I've noticed a trend among some of today's prominent naturalistic cosmologists - pride greater than the universe itself. This trend is the idea: God doesn't exist because we don't need Him. Just like Adam and Eve in the garden, we've come to the conclusion that we don't need the Creator because the creation is all we need.
In a debate between Richard Dawkins and John Lennox, Dawkins basically said that he doesn't believe in God because we don't need to believe in him. The universe functions on its own with its own laws and mechanisms, so therefore, it doesn't need God.

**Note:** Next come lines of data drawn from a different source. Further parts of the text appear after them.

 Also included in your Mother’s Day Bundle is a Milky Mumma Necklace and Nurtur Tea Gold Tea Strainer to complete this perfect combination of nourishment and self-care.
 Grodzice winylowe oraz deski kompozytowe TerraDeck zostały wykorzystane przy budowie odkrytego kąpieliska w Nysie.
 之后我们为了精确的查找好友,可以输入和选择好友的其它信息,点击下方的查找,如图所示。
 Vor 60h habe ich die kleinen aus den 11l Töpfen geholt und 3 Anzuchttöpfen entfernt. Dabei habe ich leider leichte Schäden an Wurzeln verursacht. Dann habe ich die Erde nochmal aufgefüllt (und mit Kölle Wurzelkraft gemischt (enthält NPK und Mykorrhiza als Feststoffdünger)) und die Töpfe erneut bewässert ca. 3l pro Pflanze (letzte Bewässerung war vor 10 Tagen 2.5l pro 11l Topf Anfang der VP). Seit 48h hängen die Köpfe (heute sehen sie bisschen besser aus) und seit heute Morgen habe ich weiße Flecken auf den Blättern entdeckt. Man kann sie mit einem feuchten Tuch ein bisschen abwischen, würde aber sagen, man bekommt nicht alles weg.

He also said that he thinks the only God that could potentially exist is the Deist God. A God who creates the world but has no personal dealings with that creation - though he does not believe it. This struck me of course, but it wasn't until I heard it again from a different cosmologist that I really saw what was happening.

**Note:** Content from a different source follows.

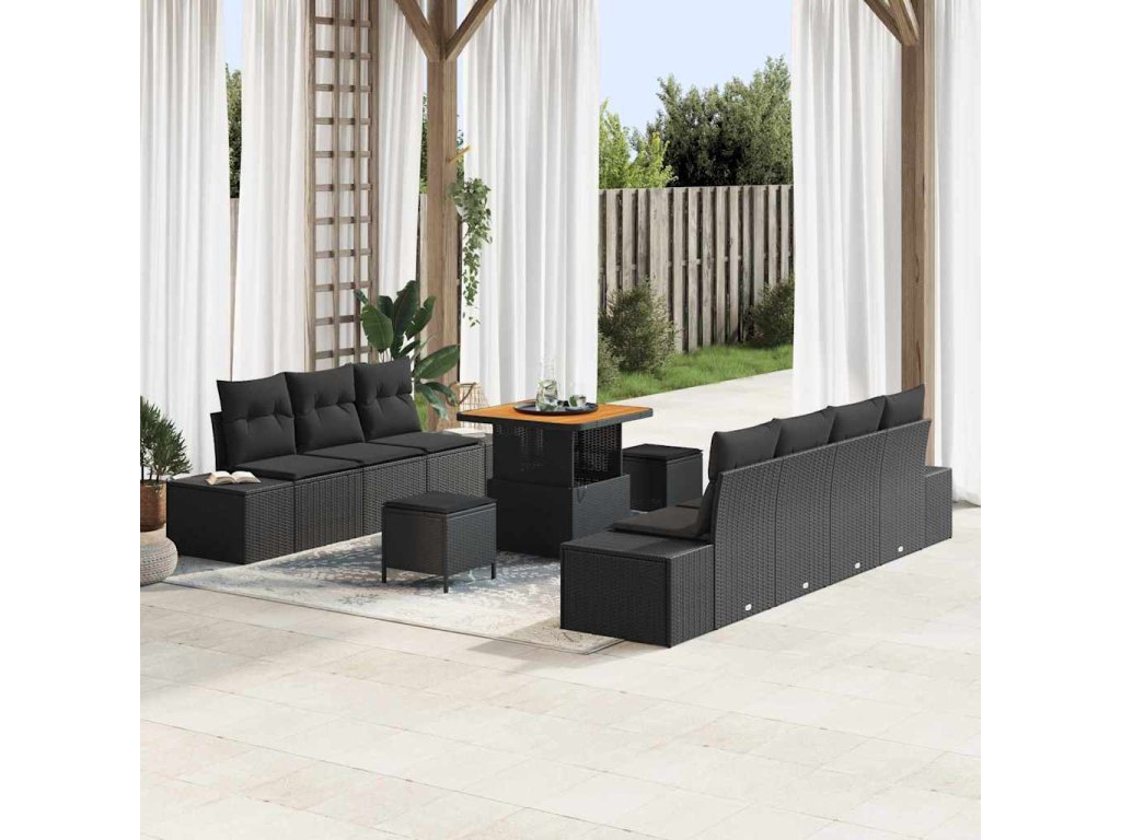 Sada zahradních pohovek s polštářem 10 pcs Černá Poly ratan 3364694
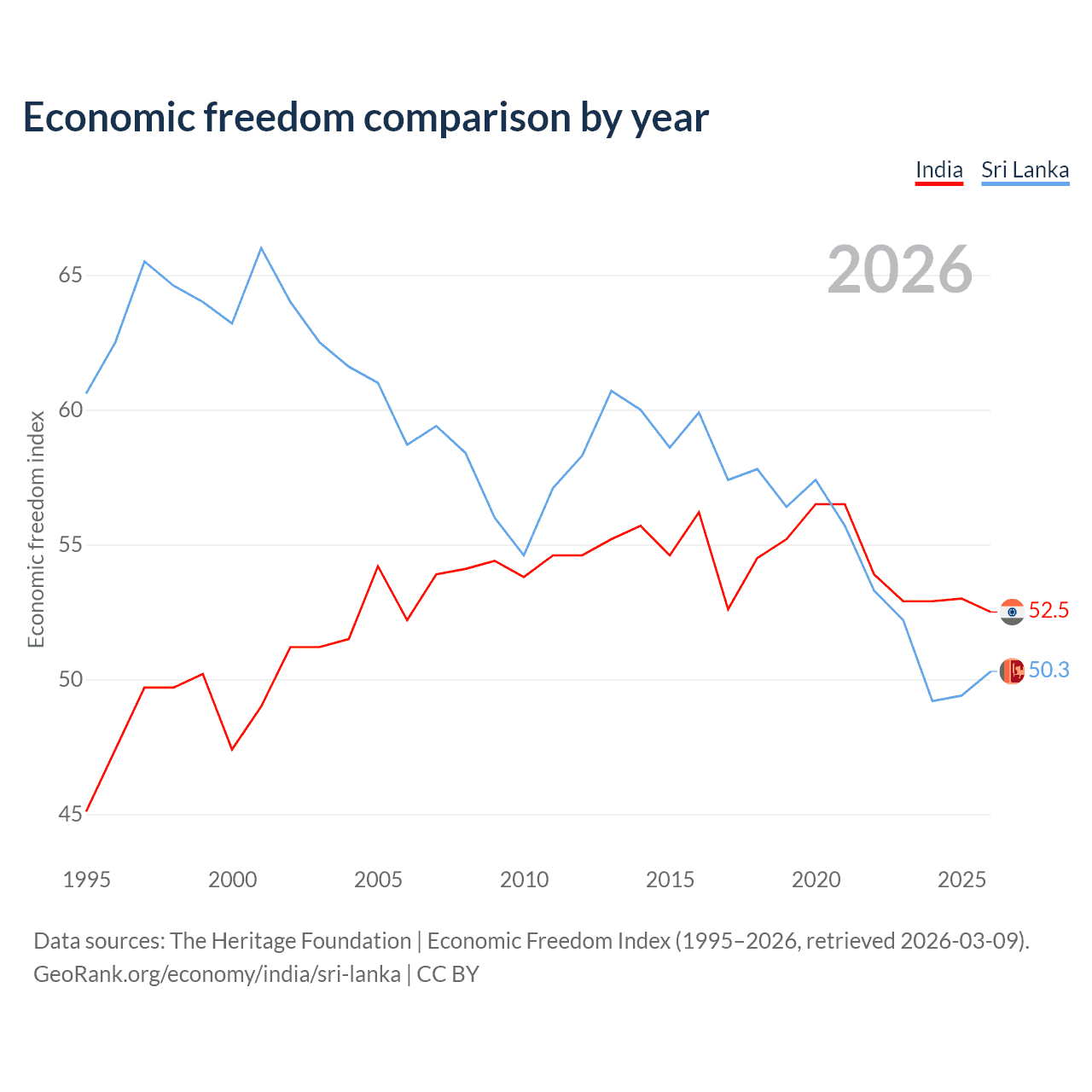 The Economic Freedom Index for India is 52.5, ranking 146/197, compared to 50.3 for Sri Lanka, ranking 162/197. The chart above displays a comparison of annual changes in economic freedom indexes.

In a debate between naturalistic cosmologist Sean Carroll and Christian philosopher William Lane Craig, Carroll said nearly the same thing as Dawkins. He said that since the universe, and even the idea of an eternal universe (as he claims) works on its own, therefore, it doesn't need God and that is why he doesn't believe in God. He even said that were he alive 200 years ago, he would probably be a theist. Sound familiar?

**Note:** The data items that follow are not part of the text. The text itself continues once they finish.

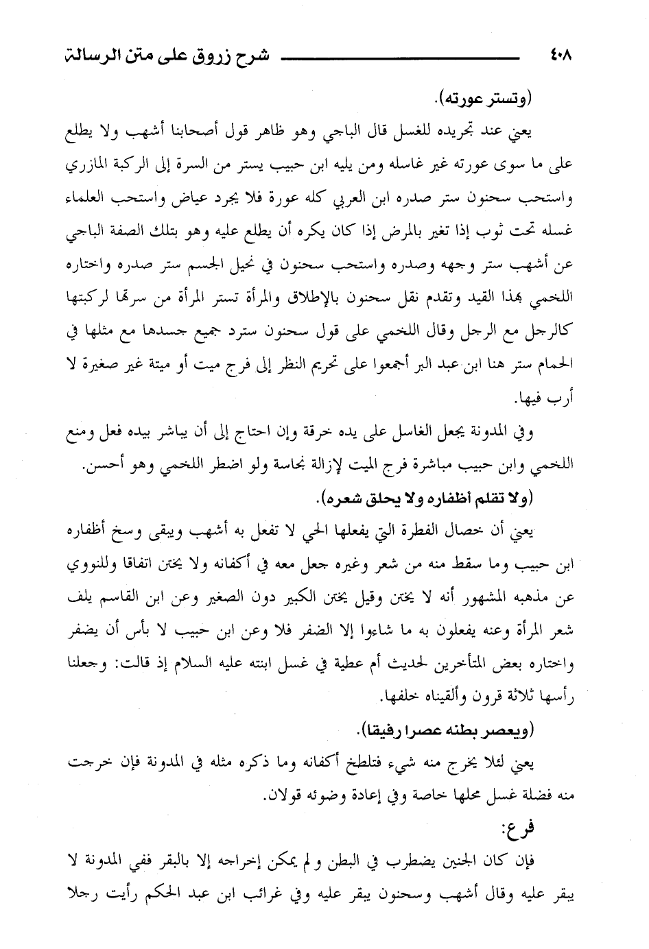 يعني عند تجريده للغسل قال الباجي وهو ظاهر قول أصحابنا أشهب ولا يطلع على ما سوى عورته غير غاسله ومن يليه ابن حبيب يستر من السرة إلى الركبة المازري واستحب سحنون ستر صدره ابن العربي كله عورة فلا يجرد عياض واستحب العلماء غسله تحت ثوب إذا تغير بالمرض إذا كان يكره أن يطلع عليه وهو بتلك الصفة الباجي عن أشهب ستر وجهه وصدره واستحب سحنون في نحيل الجسم ستر صدره واختاره اللخمي بهذا القيد وتقدم نقل سحنون بالإطلاق والمرأة تستر المرأة من سرتها لركبتها كالرجل مع الرجل وقال اللخمي على قول سحنون سترد جميع جسدها مع مثلها في الحمام ستر هنا ابن عبد البر أجمعوا على تحريم النظر إلى فرج ميت أو ميتة غير صغيرة لا أرب فيها.
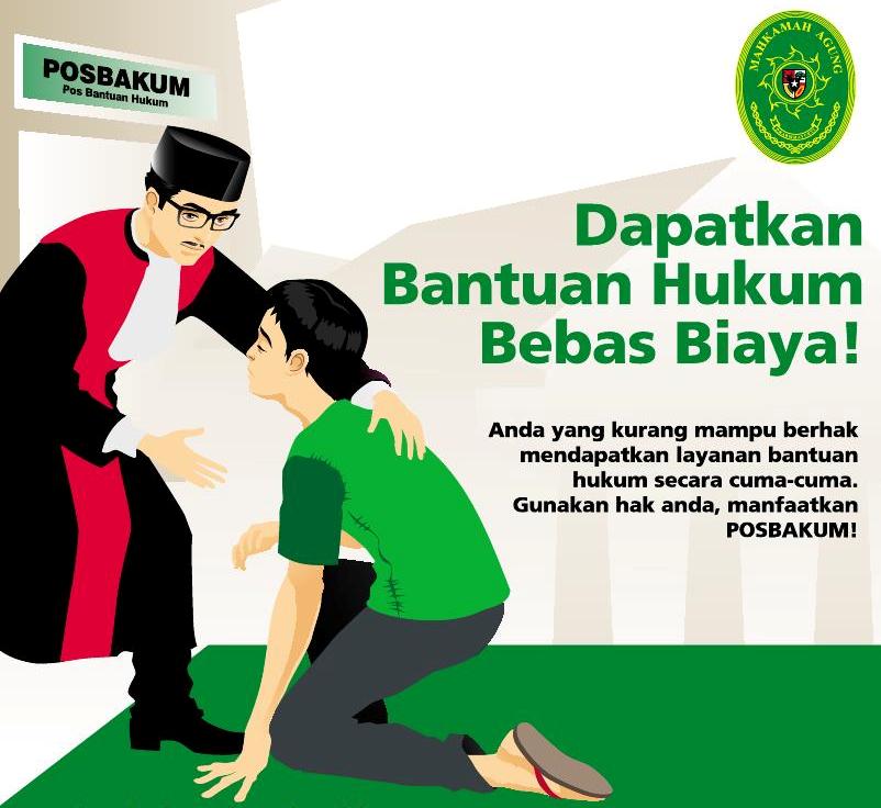Pos Bantuan Hukum (Posbakum) merupakan lembaga pemberian jasa hukum yang difasilitasi oleh negara melalui pengadilan agama, bertugas memberikan bantuan hukum secara cuma-cuma bagi masyarakat pencari keadilan yang tidak mampu. Petu...
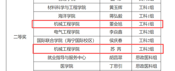 在各学院(系)、相关教学单位组织初赛、选拔推荐的基础上,学校于2025年11月15-20日组织网络评审,11月21日组织现场评审。 经评审专家评定,机械学院推选的两位青年教师董会旭老师、苏芮老师均进入决赛,并最终双双斩获二等奖的好成绩!恭喜两位老师!

Dawkins and Carroll are basically saying the same thing: God doesn't exist because we don't need him to. This line of reasoning blows me away.
Often Christians argue that since the universe has the appearance of design then there must be a designer. To be fair, this doesn't necessarily prove that God exists. However, this line of reasoning is much more acceptable that the reasoning of Dawkins and Carroll.
Dawkins and Carroll are acknowledging the mechanisms as a reason for ruling out any possibility of a mechanic. The appearance of design may not prove a designer, but the appearance of mechanisms necessarily rules out a mechanic? How is that more reasonable? It isn't. You would be considered an absolute fool if you walked into a factory and saw all the engines working on their own so you reasoned that there were no engineers who created those machines. To use the analogy of John Lennox, a watch has mechanisms and gears but it does't mean it wasn't created.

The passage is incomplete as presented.